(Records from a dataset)
■ ■ ■

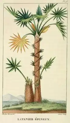 Zombia antillarum is called the Zombie palm[16][17] or Zombi palm[6] by horticulturists. Orator F. Cook coined the name "Haitian cactus palm" due to the spiny appearance of its trunk. In Haiti, it is usually known as latanye zombi (latanier zombi in French; the zombie fan palm), or latanye pikan, (latanier piquant in French, the spiny fan palm). It is also called latanier savanne or latanier marron. Latanye or latanier is a common term for fan palms in Haiti, so these names ("savanna fan palm" and "wild fan palm") are not specific to this species; they are also used for several species of Coccothrinax. In the Dominican Republic, the species is called guanito or guanillo. These are diminutives of guano, which is used for several species of Coccothrinax and Thrinax.[6] In his 1821 description of the species, Descourtilz used the name latanier épineux.[8]
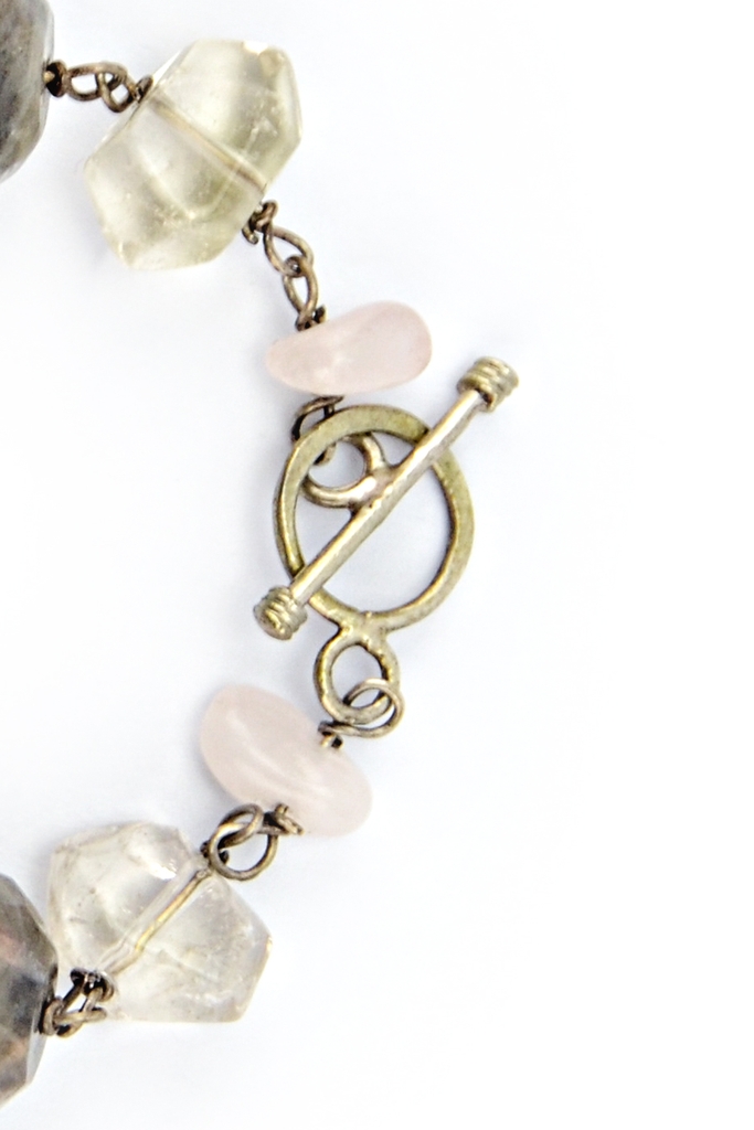 Vòng tay chế tác thủ công từ các viên đá thạch anh hồng, đá giảm stress labradorite và hoàng ngọc (citrine), liên kết bởi sợi bạc nõn (bạc 999) và hoàn thiện bằng khóa toggle bạc nõn. Chiều dài 17.5cm. Bạn có thể điều chỉnh độ dài tới 20cm mà giá vẫn giữ nguyên.
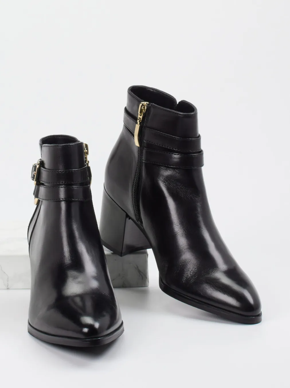Diese glänzenden Ankle Boots vereinen hochwertiges Kalbleder mit einer zeitlosen Silhouette und edlen Details. Die perfekte Wahl für stilvolle Auftritte im Alltag und Büro.
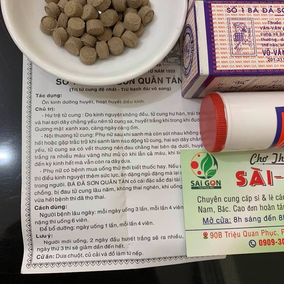 Tác dụng: Ôn kinh dưỡng huyết, hoạt huyết điều kinhCông dụng: BÁ ĐÃ SƠ QUÂN TÁN• Hư trệ tử cung: Do kinh nguyệt không đều, tử cung hư hàn, trái tim và hai sợ dây chằng yếu nên tử cung sa, huyết trắng khi trong khi đục. Gương mặt xanh sao, càng ngày càng ốm.• Nội thương tử cung: Phụ nữ sau khi sanh mà còn sót nhau không ra hết hoặc gặp trắc trở khi sanh làm náo động tử cung, hai sợ dây chằng yếu, tử cung sa có vết thương nên đau chằng hai bên dạ dưới, huyết trắng ra nhiều màu vàng như mủ có khi lẫn cả máu, khi tiểu đau rát, đến kỳ kinh hết mà vẫn còn ra dây dưa.• Phụ nữ có bệnh mua uống thử mới biết thuốc hay. Nếu uống nhiều thì điều kinh nguyệt thêm sức lực, ăn đặng ngủ đặng mà lại mạnh khoẻ trong người. BÁ ĐÃ SƠ QUÂN TÁN có cái đặc sắc đại tài là người có chồng, bị đau tử cung lâu năm, không thai nghén, khi uống thuốc này vừa hết bệnh thì đã thọ thai.Cách dùng: BÁ ĐÃ SƠ QUÂN TÁN• Người bệ.nh lâu ngày: mỗi ngày uống 3 lần, mỗi lần 4 viên, nếu bệnh nặng thì uống 6 viên.• Để bổ dưỡng: ngày uống 1 lần, mỗi lần 4 viênLưu ý: BÁ ĐÃ SƠ QUÂN TÁN• Người mới uống, 2 ngày đầu huyết trắng sẽ ra nhiều, nhưng đến ngày thứ 3 thì sẽ giảm dần đến hết.• Cử ăn: dưa chuột, củ cải và đồ làm từ nếp
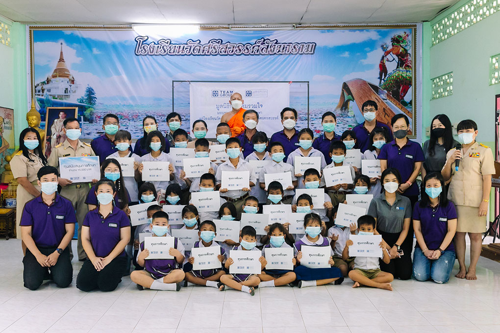 มููลนิธิกลุ่มทีมรวมใจ และทีมกรุ๊ป ร่วมสร้างโอกาสทางการศึกษาเสริมสร้างศักยภาพเด็กไทยให้พัฒนาตนเอง ด้วยการมอบทุุนการศึกษา ให้แก่นักเรียนที่่เรียนดีแต่่ด้อยโอกาส และมอบเงินทุุนสนับสนุุนให้แก่ 9 โรงเรียนภายใต้การอุุปถัมภ์ของทีมกรุ๊ปมาอย่่างต่่อเนื่่อง ตลอดระยะเวลา 15 ปี โดยจัดกิจกรรมมอบทุุนการศึกษ าภาคเรียนที่่ 2/2565 ในเขตพื้้นที่่จังหวัดนครนายก 4 แห่่ง ได้แก่ โรงเรียนวัดท่าด่าน โรงเรียนวัดท่าชัย โรงเรียนวัดวังยายฉิม และโรงเรียนวัดหุุบเมย และในเขตพื้นที่จังหวัดนครสวรรค์ 5 แห่ง ได้แก่ โรงเรียนวิชาวดี โรงเรียนวัดเขามโน โรงเรียนวัดบ้านมะเกลือ โรงเรียนวัดศรีสวรรค์สังฆาราม และโรงเรียนนครสวรรค์ นำโดย ดร .ประเสริฐ ภัทรมัย ปร ะธานกรรมการ มููลนิธิกลุ่่มทีมรวมใจ พร้อมด้วยคณะผู้บริหารและพนักงานทีมกรุ๊ป เมื่อเร็ว ๆ นี้

■ ■ ■

**EXERCISE INSTRUCTIONS**
Within the entries above, the lines from the one containing "Vòng tay chế" through the one containing "Diese glänzenden Ankle" are to be transcribed exactly, ends included, pictures excluded.

**EXERCISE SOLUTION**
 Vòng tay chế tác thủ công từ các viên đá thạch anh hồng, đá giảm stress labradorite và hoàng ngọc (citrine), liên kết bởi sợi bạc nõn (bạc 999) và hoàn thiện bằng khóa toggle bạc nõn. Chiều dài 17.5cm. Bạn có thể điều chỉnh độ dài tới 20cm mà giá vẫn giữ nguyên.
Diese glänzenden Ankle Boots vereinen hochwertiges Kalbleder mit einer zeitlosen Silhouette und edlen Details. Die perfekte Wahl für stilvolle Auftritte im Alltag und Büro.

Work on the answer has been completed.